Fki Lotfi, Bouaziz Neila, Sahnoun Nahed, Swennen Rony, Drir Noureddine, Panis Bart
Laboratory of Plant Biotechnology, Faculty of Sciences, University of Sfax, Sfax, Tunisia.
Cryo Letters. 2011 Nov-Dec;32(6):451-62.
We describe the development of an efficient cryopreservation protocol for proembryogenic masses (PEMs) of date palm variety 'Barhee'. Proembryos were induced by inoculating small pieces of juvenile leaves on MS medium supplemented with 0.3 mg per liter 2,4-D. Application of these in vitro conditions led to true-to-type plants as observed after plant fructification. When compared to the standard vitrification protocol, the ultra-rapid droplet-vitrification technique proved to be superior. Sucrose preculture considerably increased post-cryopreservation recovery. The highest regeneration after cryogenic exposure reached 63.3 percent when PEMs were treated with PVS2 for 30 min at 0 degree C and 56.7 percent when PVS2 treatment lasted for 15 min at 25 degree C. The first signs of regrowth of cryopreserved PEMs were observed after 2 to 3 weeks. Cryopreservation did not affect the morphogenetic capacities of the plant material. Moreover, highly proliferating suspension cultures could be established from the cryopreserved material. The overall production of somatic embryos from 500 mg cryopreserved PEMs reached 1030 +/- 50 units after 1 month. The morphological study of date palms regenerated from cryopreserved material confirmed the stability of clonal material following cryopreservation.

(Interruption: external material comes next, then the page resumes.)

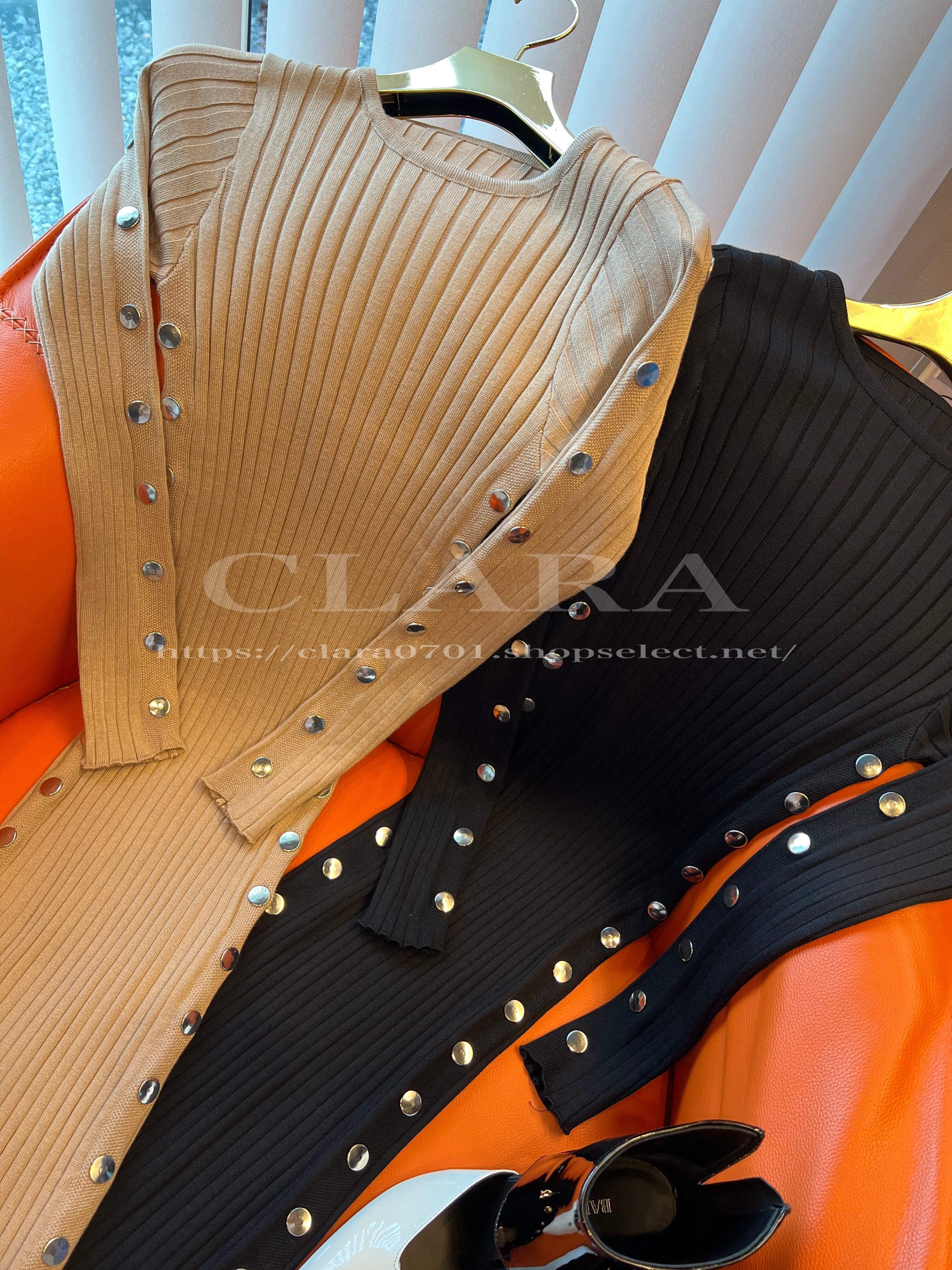 サイドデザインボタンリブニットワンピース

我们描述了一种针对枣椰树品种‘Barhee’的胚性愈伤组织(PEMs)的高效冷冻保存方案的开发。通过将幼嫩叶片小块接种在添加了每升0.3毫克2,4 - D的MS培养基上诱导产生原胚。如在植株结果后所观察到的,这些体外培养条件能产生与母本一致的植株(即“真实类型”植株)。与标准玻璃化方案相比,超快速滴液玻璃化技术被证明更具优势。蔗糖预培养显著提高了冷冻保存后的恢复率。当胚性愈伤组织在0℃下用PVS2处理30分钟时,冷冻处理后的最高再生率达到63.3%;当在25℃下用PVS2处理15分钟时,再生率为56.7%。冷冻保存的胚性愈伤组织在2至3周后出现了再生的最初迹象。冷冻保存并未影响植物材料的形态发生能力。此外,从冷冻保存的材料中可以建立高度增殖的悬浮培养物。1个月后,500毫克冷冻保存的胚性愈伤组织产生的体细胞胚总数达到1030±50个单位。对从冷冻保存材料再生的枣椰树进行的形态学研究证实了冷冻保存后克隆材料的稳定性。